A: “It’s silly, it’s just plain silly, and your colleague [Creative Loafing's senior group editor John Sugg] is just plain silly in what he says and does. A lot of this debate has been people distorting what I wrote and what I did. We wrote that Sami had connections to people and groups that he lied about for a decade, and one of the entities that he lied to was his employer. [Fechter said the trial proved that was correct.]

“[For those who say my departure calls for a revisitation of the stories I wrote on Al-Arian,] knock yourself out, because it’s a paper trail.”

“[In the matter of his brother-in-law, Mazen Al-Najjar, and his deportation hearings, Al-Arian] was lying about who [Al-Najjar] was. Did he break the law?

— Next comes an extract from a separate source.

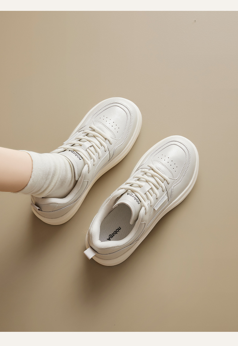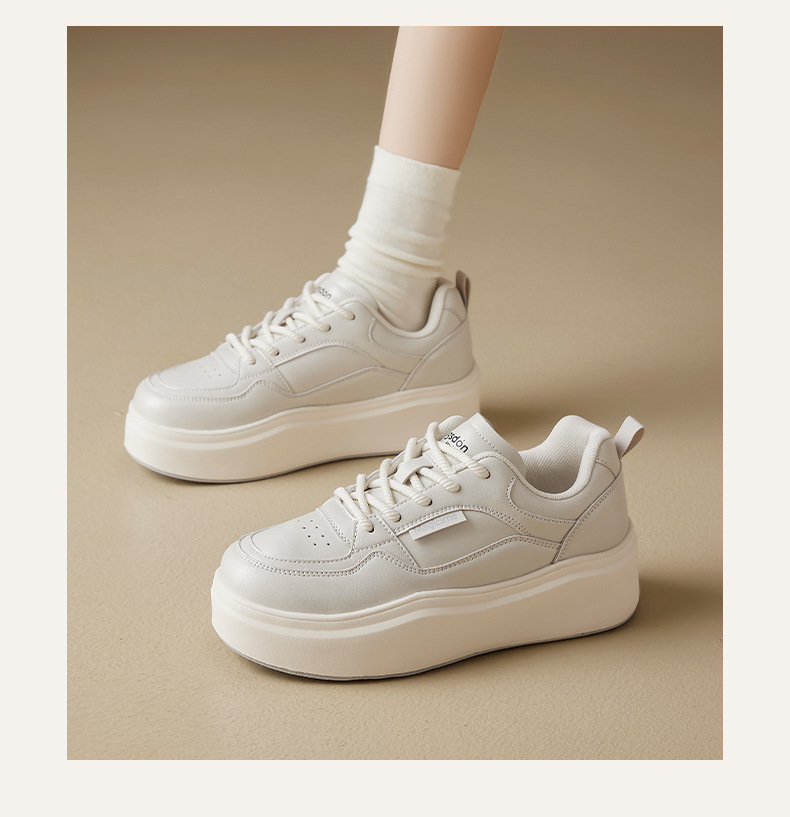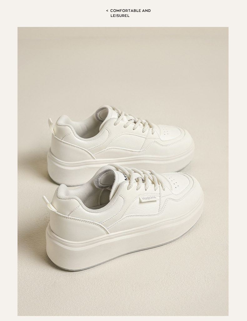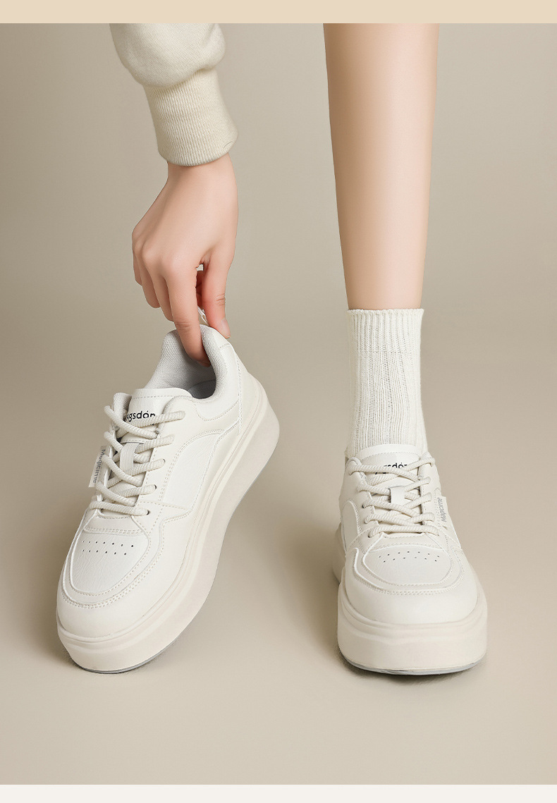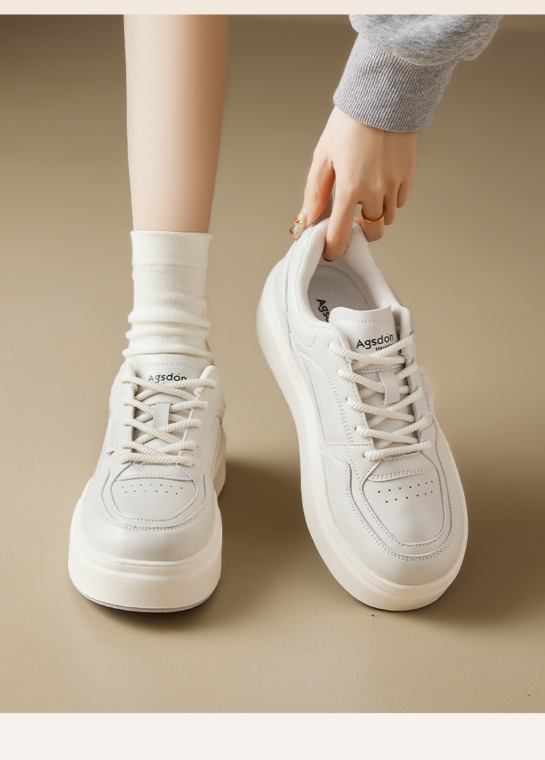 Augu Shi Deng zapatos blancos de suela gruesa para mujeres 2025 nuevos zapatos deportivos casuales planos de otoño para estudiantes de muffin skate

I’ll respect the jury verdict, but he lied.”

Al-Arian family: ‘Not surprised’ by Fechter’s move

For years, the family of imprisoned former USF professor Sami Al-Arian insisted that their nemesis and most dogged chronicler, Tampa Tribune investigative reporter Michael Fechter, was doing the bidding of anti-Arab forces.

Today, they got some more ammo for their argument in the news that Fechter has resigned from the paper to take a job working for Al-Arian critic Steven Emerson.

“It just proves what we’ve known and asserted all along,” said Laila Al-Arian, Sami’s daughter. “I can say we’re not surprised by it.”

Trib editor Janet Coats confirmed Fechter’s resignation and said his last day is today. He could not be reached for comment.

Other longtime critics of Fechter’s work were abuzz with the news. One, Ahmed Bedier of the Council on American-Islamic Relations, said, “The Tampa Tribune should revisit his work and act accordingly.” He characterized Fechter’s reporting on Al-Arian as unobjective and slanted. “Fechter was not serving journalism but was serving the interests of an anti-Muslim agenda.”